Voters in the 1st district also voted for city council in 1957 in a special election called after the death of Councilman Thomas I. Guerin the year before. Democratic ward leaders in the district, which covered most of South Philadelphia, nominated Emanuel Weinberg, leader of the 39th ward and a former state Deputy Secretary of Insurance. The nomination was not without controversy: Governor George M. Leader had fired Weinberg along with several other political appointees who were found, as The Philadelphia Inquirer reported, to have "enjoyed immunity from supervision and control and were permitted to pursue their private enterprises in addition to their State duties."

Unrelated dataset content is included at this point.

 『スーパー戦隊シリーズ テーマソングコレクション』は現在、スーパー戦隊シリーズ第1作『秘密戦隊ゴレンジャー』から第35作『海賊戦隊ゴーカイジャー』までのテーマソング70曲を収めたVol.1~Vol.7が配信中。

The nomination drew criticism from reform-minded Democrats, including Clark, who said the nomination showed "contempt for the independent vote." Weinberg's nomination also disappointed Guerin's widow, Mary C. Guerin, who ran as an independent. Guerin noted that Weinberg had been fired from his state job for good reason, saying "one would suppose that Governor Leader did not fire him for being late for work." Despite the split in Democratic support, Weinberg achieved a clear victory over Guerin and their Republican opponent, John Donnelly.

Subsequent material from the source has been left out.